▶ **EXERCISE DATA**
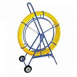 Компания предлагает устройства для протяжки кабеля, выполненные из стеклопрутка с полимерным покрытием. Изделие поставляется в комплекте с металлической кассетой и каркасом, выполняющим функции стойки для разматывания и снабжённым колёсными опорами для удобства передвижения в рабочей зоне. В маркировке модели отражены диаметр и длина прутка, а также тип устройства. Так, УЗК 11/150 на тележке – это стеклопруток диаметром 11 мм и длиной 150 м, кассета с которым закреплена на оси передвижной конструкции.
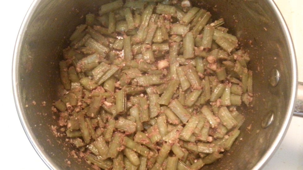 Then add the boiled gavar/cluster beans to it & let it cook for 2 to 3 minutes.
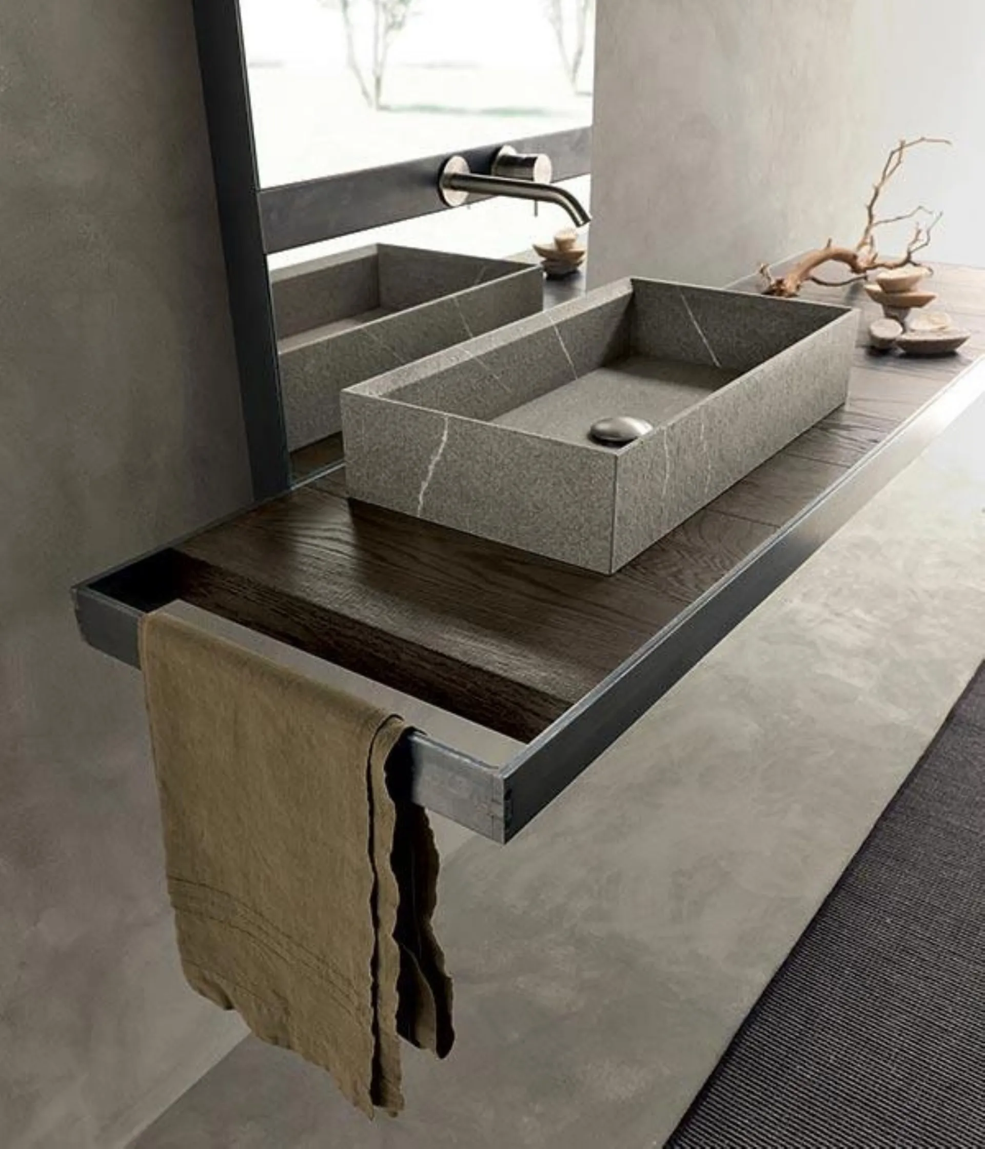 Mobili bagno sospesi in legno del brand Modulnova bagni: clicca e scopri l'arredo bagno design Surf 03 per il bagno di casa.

* * *

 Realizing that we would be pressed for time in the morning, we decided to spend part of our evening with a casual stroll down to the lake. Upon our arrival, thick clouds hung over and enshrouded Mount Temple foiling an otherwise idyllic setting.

▶ **ABOUT THIS TASK**
Word for word, restate the lines above from the one with "Компания предлагает устройства" through the one with "Mobili bagno sospesi", keeping both ends and dropping the pictures.

▶ **RESPONSE BOX**
 Компания предлагает устройства для протяжки кабеля, выполненные из стеклопрутка с полимерным покрытием. Изделие поставляется в комплекте с металлической кассетой и каркасом, выполняющим функции стойки для разматывания и снабжённым колёсными опорами для удобства передвижения в рабочей зоне. В маркировке модели отражены диаметр и длина прутка, а также тип устройства. Так, УЗК 11/150 на тележке – это стеклопруток диаметром 11 мм и длиной 150 м, кассета с которым закреплена на оси передвижной конструкции.
 Then add the boiled gavar/cluster beans to it & let it cook for 2 to 3 minutes.
 Mobili bagno sospesi in legno del brand Modulnova bagni: clicca e scopri l'arredo bagno design Surf 03 per il bagno di casa.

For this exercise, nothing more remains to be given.